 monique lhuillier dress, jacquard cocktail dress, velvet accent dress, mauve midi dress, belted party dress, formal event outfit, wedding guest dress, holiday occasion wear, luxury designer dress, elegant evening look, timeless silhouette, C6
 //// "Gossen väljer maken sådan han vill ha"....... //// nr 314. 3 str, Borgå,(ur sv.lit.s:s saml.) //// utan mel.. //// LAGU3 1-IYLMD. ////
▬▬▬▬▬▬▬▬▬▬
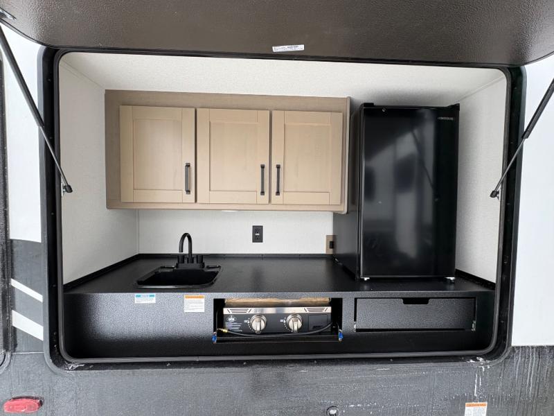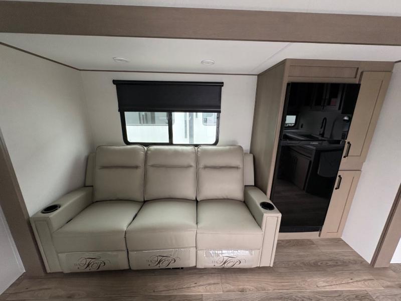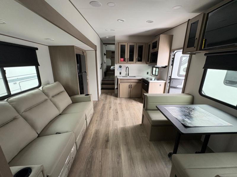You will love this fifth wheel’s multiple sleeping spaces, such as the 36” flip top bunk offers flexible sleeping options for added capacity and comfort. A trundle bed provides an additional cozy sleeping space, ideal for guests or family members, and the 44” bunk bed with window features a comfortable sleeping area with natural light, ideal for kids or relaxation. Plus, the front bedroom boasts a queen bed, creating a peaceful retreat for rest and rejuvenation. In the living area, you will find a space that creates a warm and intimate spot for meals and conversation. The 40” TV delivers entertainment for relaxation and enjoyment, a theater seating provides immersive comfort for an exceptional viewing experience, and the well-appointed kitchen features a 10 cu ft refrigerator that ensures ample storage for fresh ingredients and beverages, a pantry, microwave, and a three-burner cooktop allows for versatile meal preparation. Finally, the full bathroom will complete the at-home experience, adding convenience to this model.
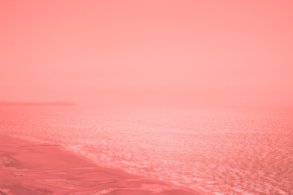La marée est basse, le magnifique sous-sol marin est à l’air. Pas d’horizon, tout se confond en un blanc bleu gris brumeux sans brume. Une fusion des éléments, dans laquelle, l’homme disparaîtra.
▬▬▬▬▬▬▬▬▬▬
The task >> From the records above, reproduce exactly the lines from the one with "monique lhuillier dress, jacquard" to the one with "LAGU3 1-IYLMD. ////", both included, and no others.

Response >>
 monique lhuillier dress, jacquard cocktail dress, velvet accent dress, mauve midi dress, belted party dress, formal event outfit, wedding guest dress, holiday occasion wear, luxury designer dress, elegant evening look, timeless silhouette, C6
 //// "Gossen väljer maken sådan han vill ha"....... //// nr 314. 3 str, Borgå,(ur sv.lit.s:s saml.) //// utan mel.. //// LAGU3 1-IYLMD. ////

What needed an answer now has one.